What this task involves: Lower down are entries containing pictures. Copy exactly, without those pictures, the lines from the line with "Hundred-silver silver bars, 999" through the line with "Zeker handig voor".

Exercise inputs:
- - - -

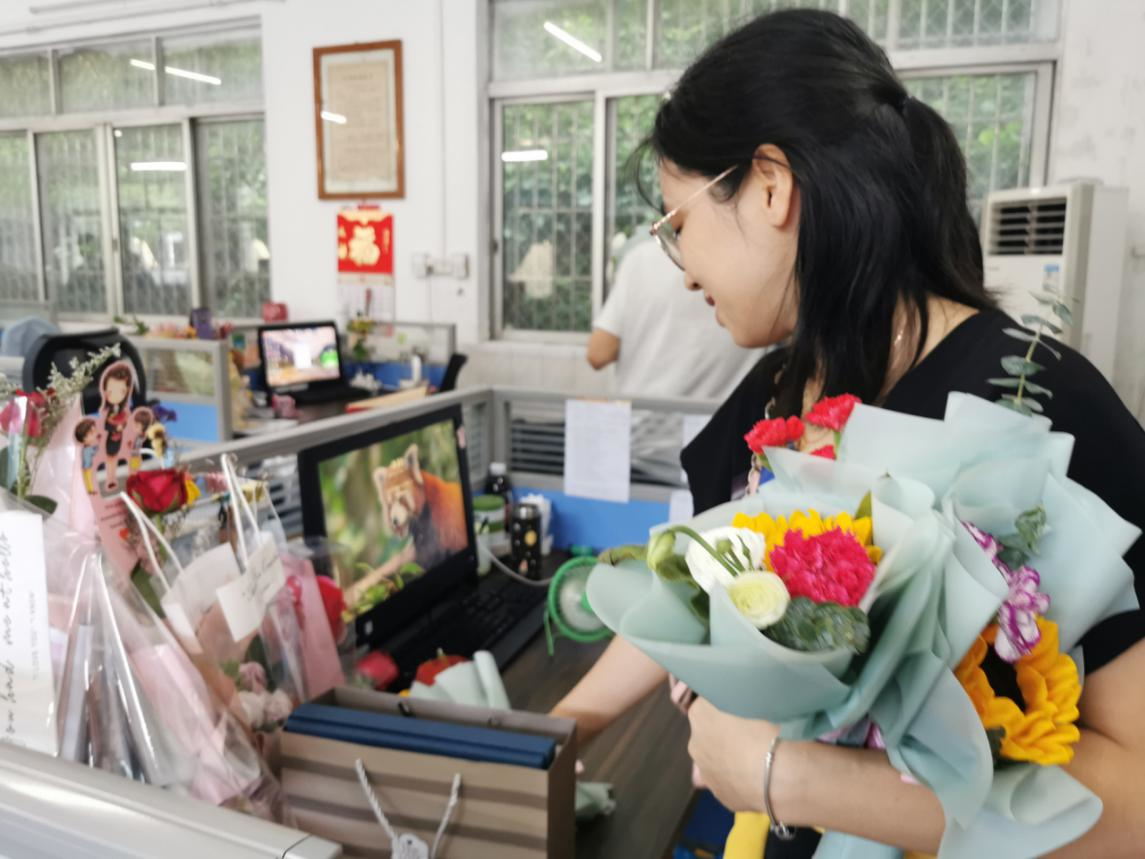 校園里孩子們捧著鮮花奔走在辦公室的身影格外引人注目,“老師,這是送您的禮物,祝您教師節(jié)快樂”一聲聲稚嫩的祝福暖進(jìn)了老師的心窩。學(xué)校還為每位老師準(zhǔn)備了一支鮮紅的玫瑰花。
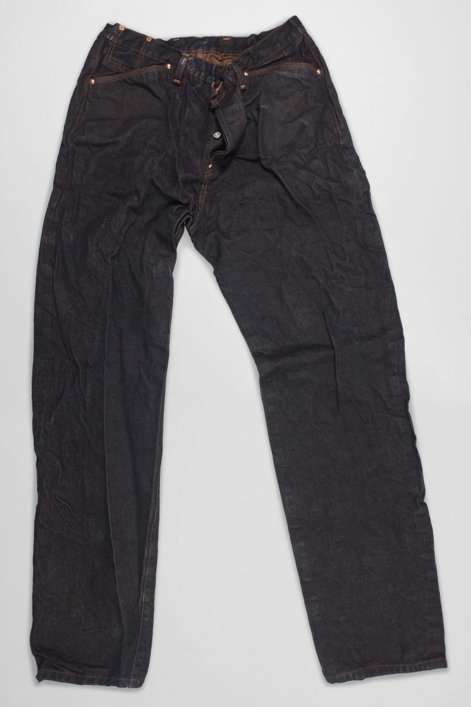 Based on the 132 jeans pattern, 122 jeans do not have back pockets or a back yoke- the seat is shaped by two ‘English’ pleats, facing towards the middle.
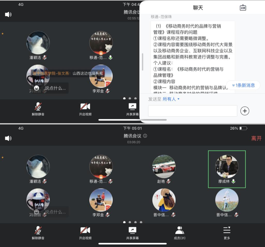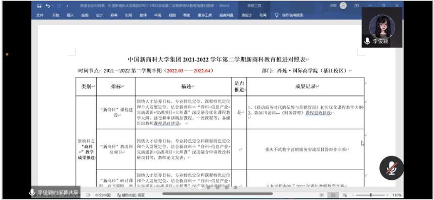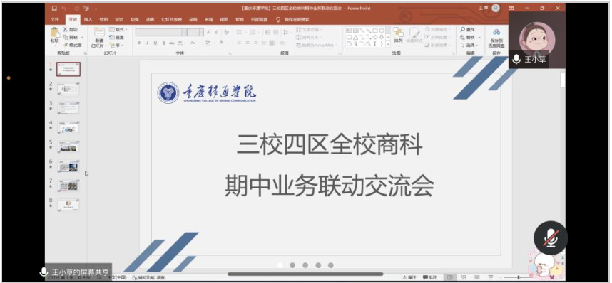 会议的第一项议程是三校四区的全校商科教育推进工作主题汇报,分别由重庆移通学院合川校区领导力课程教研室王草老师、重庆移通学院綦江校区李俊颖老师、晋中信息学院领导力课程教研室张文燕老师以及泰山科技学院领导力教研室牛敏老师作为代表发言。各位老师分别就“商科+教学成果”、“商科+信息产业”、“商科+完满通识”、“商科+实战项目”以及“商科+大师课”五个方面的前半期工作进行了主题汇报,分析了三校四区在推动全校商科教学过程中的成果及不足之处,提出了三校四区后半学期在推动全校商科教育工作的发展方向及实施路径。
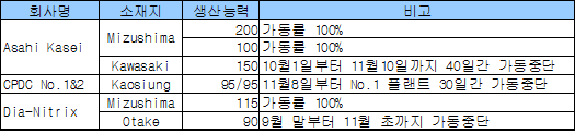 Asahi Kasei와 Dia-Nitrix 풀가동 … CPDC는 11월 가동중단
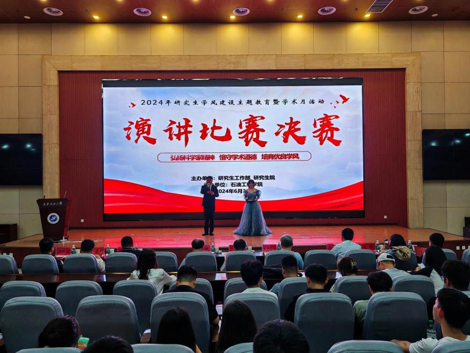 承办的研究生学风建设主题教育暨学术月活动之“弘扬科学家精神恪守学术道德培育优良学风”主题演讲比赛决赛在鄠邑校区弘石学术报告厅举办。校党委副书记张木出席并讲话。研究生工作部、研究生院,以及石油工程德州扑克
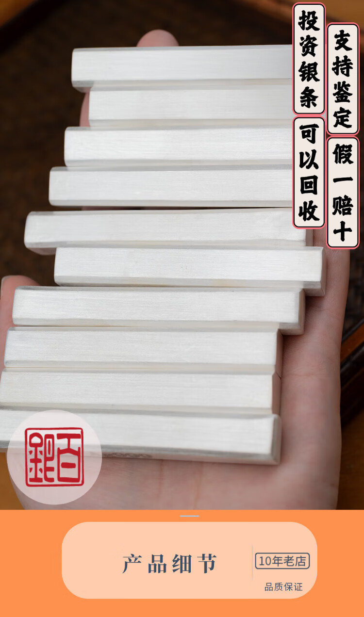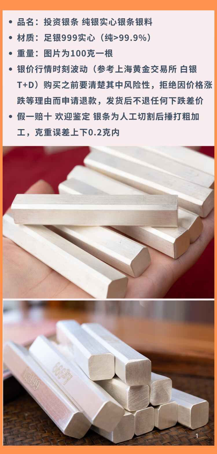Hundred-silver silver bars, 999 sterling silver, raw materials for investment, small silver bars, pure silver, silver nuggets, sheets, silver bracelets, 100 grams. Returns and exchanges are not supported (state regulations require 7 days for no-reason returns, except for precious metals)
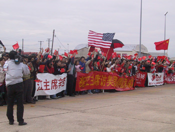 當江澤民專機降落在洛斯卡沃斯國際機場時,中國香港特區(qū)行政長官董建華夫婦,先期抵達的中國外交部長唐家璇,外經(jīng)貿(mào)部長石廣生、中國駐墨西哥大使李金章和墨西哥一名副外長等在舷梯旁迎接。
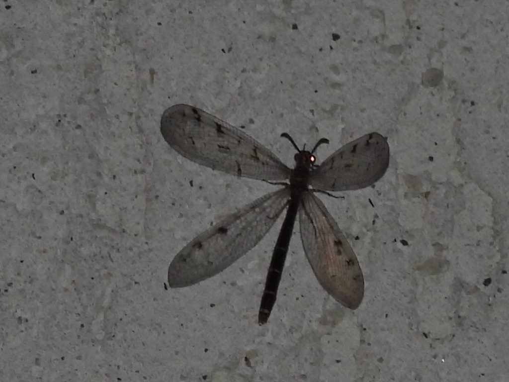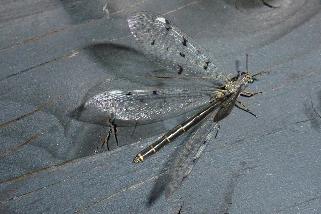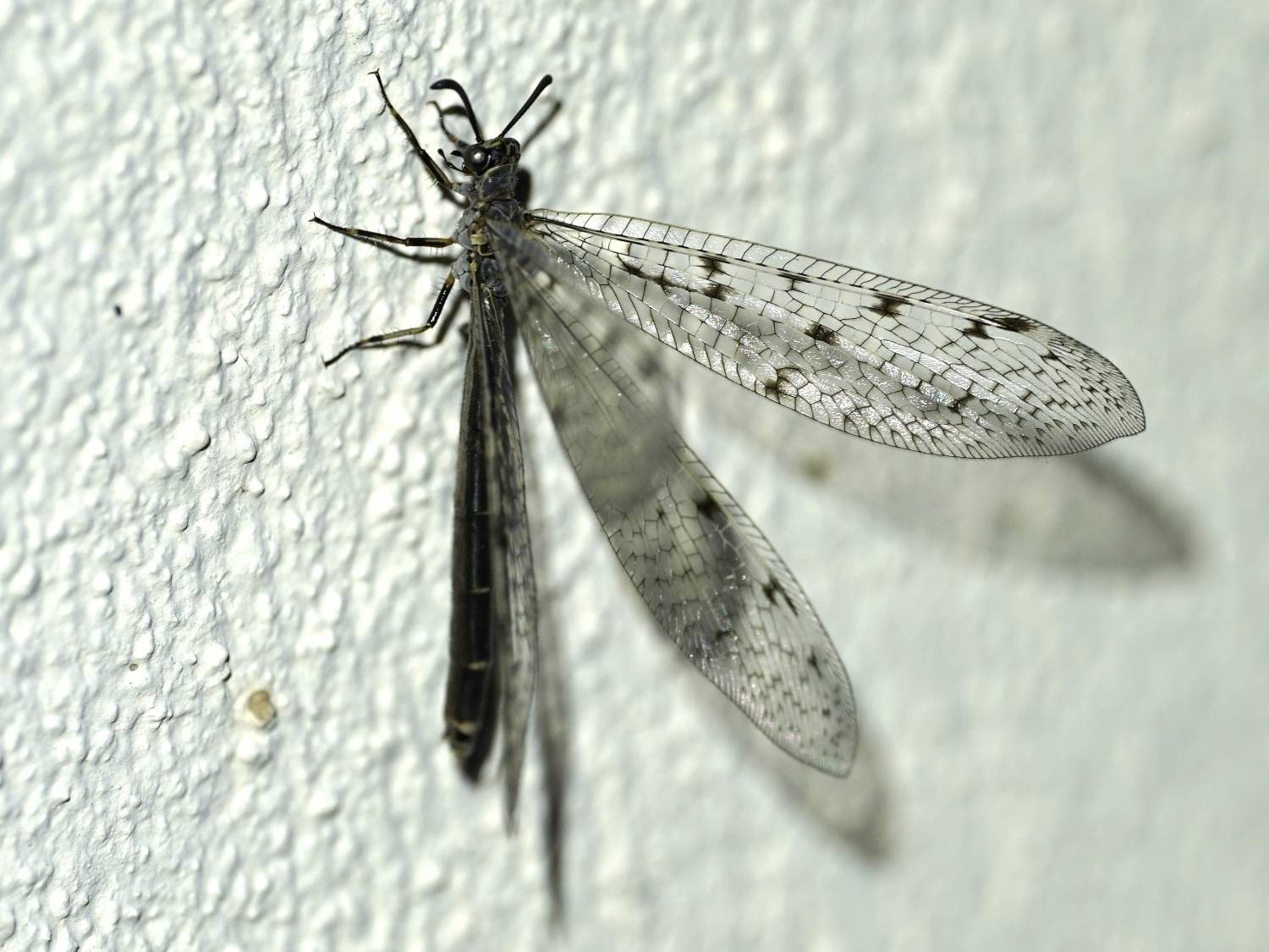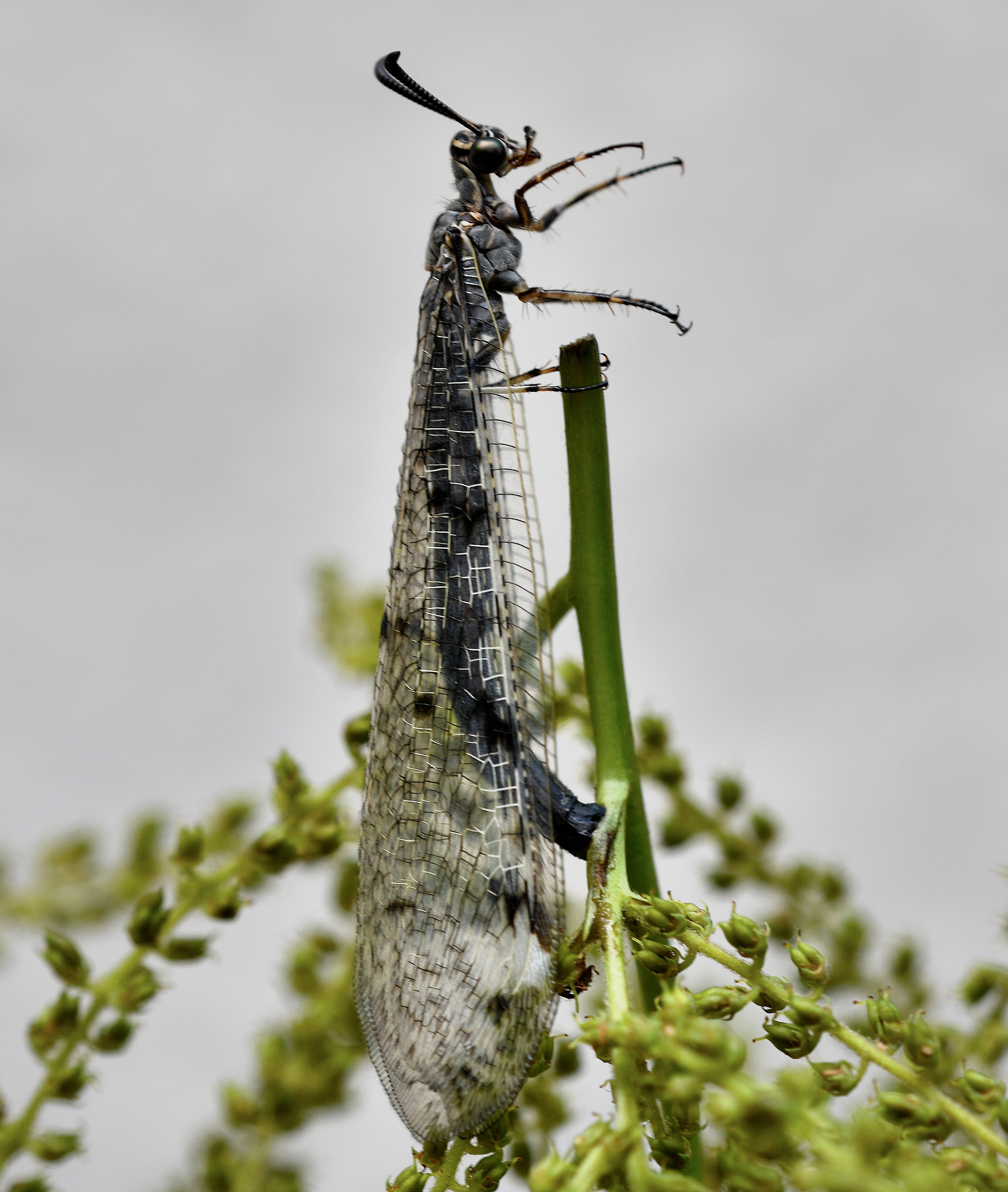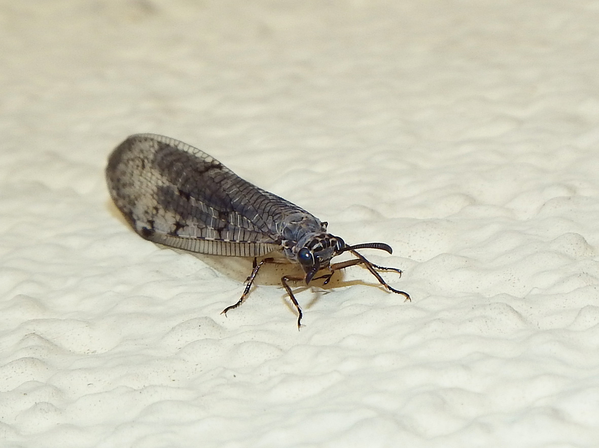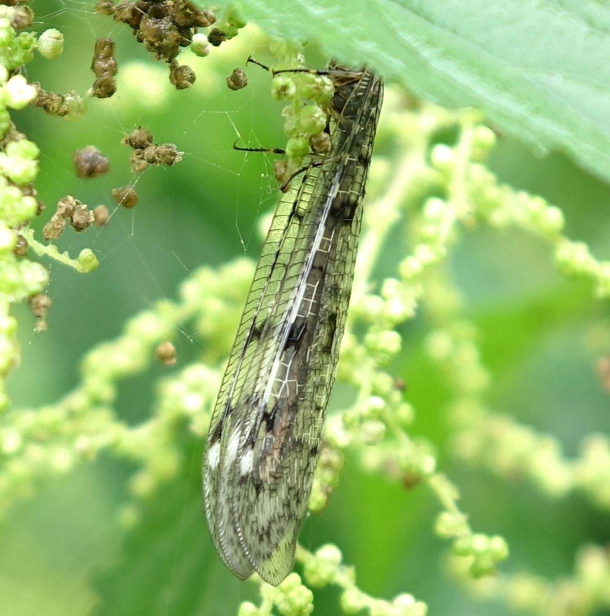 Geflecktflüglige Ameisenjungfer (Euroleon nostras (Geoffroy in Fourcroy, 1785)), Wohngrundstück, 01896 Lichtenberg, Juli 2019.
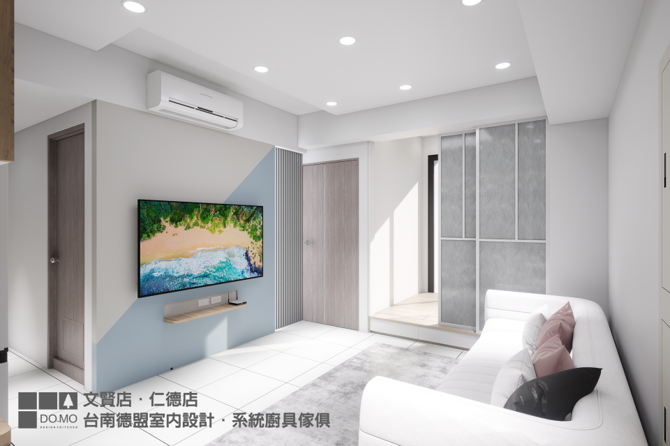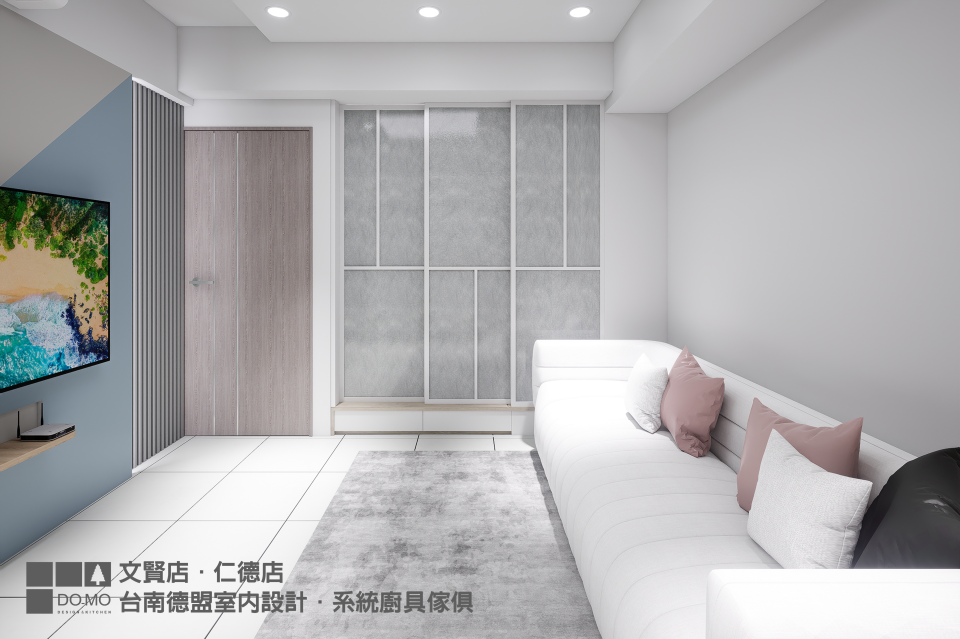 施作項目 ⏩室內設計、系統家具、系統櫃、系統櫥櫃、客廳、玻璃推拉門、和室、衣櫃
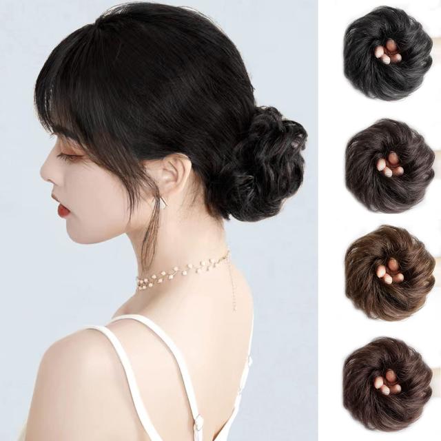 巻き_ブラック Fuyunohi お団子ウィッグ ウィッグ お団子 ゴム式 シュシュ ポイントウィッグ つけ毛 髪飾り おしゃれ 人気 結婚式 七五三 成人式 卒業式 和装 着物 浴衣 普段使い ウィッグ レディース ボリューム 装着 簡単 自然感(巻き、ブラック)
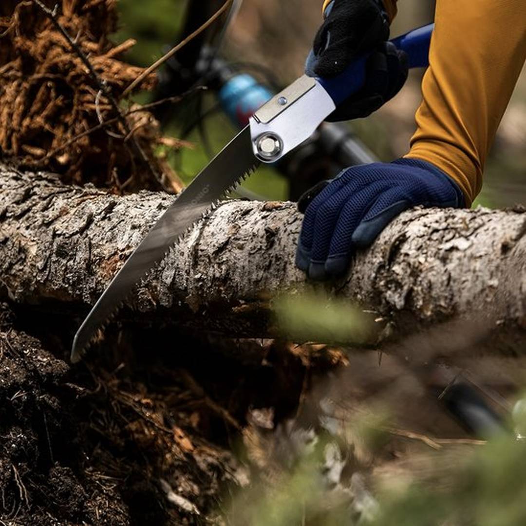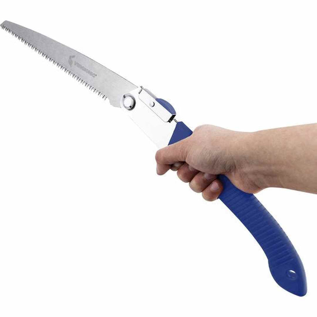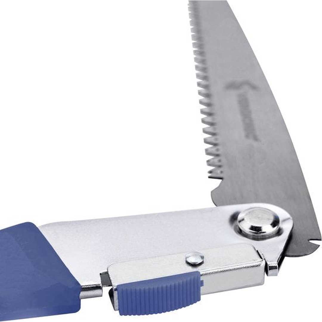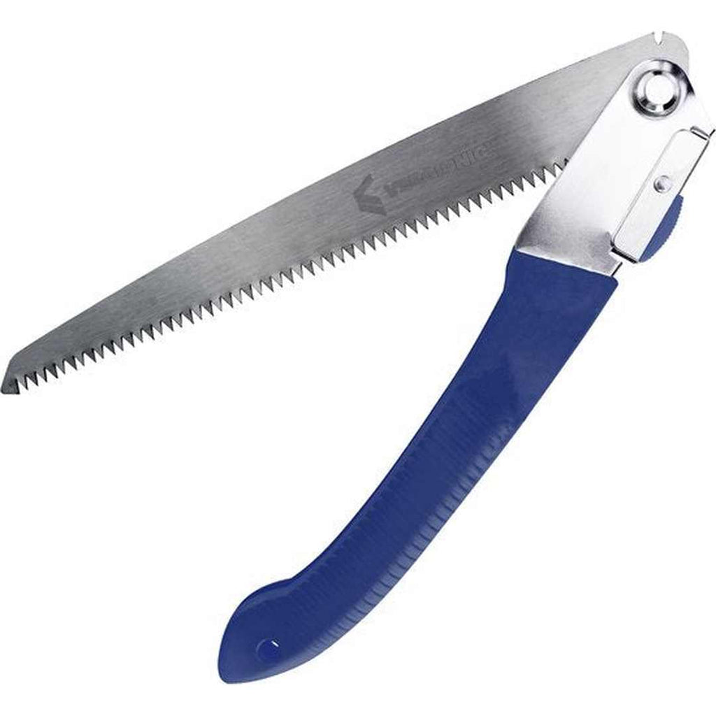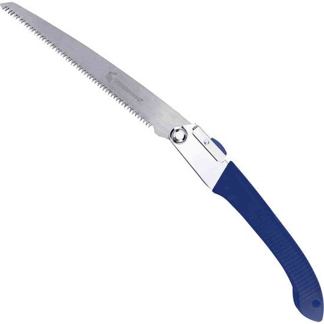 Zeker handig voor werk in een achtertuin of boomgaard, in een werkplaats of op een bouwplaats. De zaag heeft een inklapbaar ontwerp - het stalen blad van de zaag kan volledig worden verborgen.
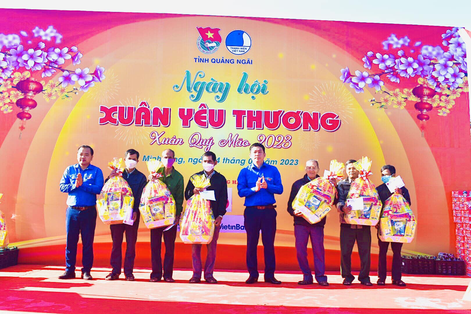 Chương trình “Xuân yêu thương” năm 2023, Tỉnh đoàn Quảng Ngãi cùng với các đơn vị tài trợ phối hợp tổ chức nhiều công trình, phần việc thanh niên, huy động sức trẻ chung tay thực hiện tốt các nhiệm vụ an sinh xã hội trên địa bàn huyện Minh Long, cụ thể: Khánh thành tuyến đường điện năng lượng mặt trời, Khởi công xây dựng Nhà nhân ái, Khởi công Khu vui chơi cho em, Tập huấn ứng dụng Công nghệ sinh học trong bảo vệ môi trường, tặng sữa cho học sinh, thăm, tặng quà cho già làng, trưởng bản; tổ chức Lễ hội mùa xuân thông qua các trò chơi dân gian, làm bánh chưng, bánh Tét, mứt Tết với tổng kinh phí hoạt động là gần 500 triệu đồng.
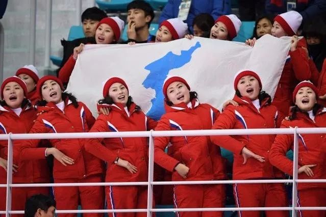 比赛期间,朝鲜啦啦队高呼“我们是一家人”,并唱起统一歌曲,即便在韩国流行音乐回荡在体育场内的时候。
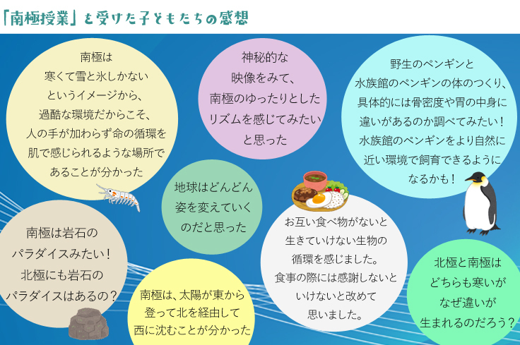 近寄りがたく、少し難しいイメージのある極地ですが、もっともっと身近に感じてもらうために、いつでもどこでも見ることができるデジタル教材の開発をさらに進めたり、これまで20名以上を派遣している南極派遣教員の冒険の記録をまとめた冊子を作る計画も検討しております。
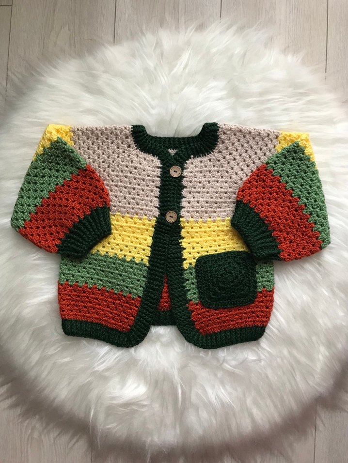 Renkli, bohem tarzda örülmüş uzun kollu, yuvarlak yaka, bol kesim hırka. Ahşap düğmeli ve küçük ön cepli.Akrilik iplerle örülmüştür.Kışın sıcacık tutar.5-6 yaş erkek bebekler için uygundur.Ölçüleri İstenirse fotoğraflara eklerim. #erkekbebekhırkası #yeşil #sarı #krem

- - - -

Written response:
Hundred-silver silver bars, 999 sterling silver, raw materials for investment, small silver bars, pure silver, silver nuggets, sheets, silver bracelets, 100 grams. Returns and exchanges are not supported (state regulations require 7 days for no-reason returns, except for precious metals)
 當江澤民專機降落在洛斯卡沃斯國際機場時,中國香港特區(qū)行政長官董建華夫婦,先期抵達的中國外交部長唐家璇,外經(jīng)貿(mào)部長石廣生、中國駐墨西哥大使李金章和墨西哥一名副外長等在舷梯旁迎接。
 Geflecktflüglige Ameisenjungfer (Euroleon nostras (Geoffroy in Fourcroy, 1785)), Wohngrundstück, 01896 Lichtenberg, Juli 2019.
 施作項目 ⏩室內設計、系統家具、系統櫃、系統櫥櫃、客廳、玻璃推拉門、和室、衣櫃
 巻き_ブラック Fuyunohi お団子ウィッグ ウィッグ お団子 ゴム式 シュシュ ポイントウィッグ つけ毛 髪飾り おしゃれ 人気 結婚式 七五三 成人式 卒業式 和装 着物 浴衣 普段使い ウィッグ レディース ボリューム 装着 簡単 自然感(巻き、ブラック)
 Zeker handig voor werk in een achtertuin of boomgaard, in een werkplaats of op een bouwplaats. De zaag heeft een inklapbaar ontwerp - het stalen blad van de zaag kan volledig worden verborgen.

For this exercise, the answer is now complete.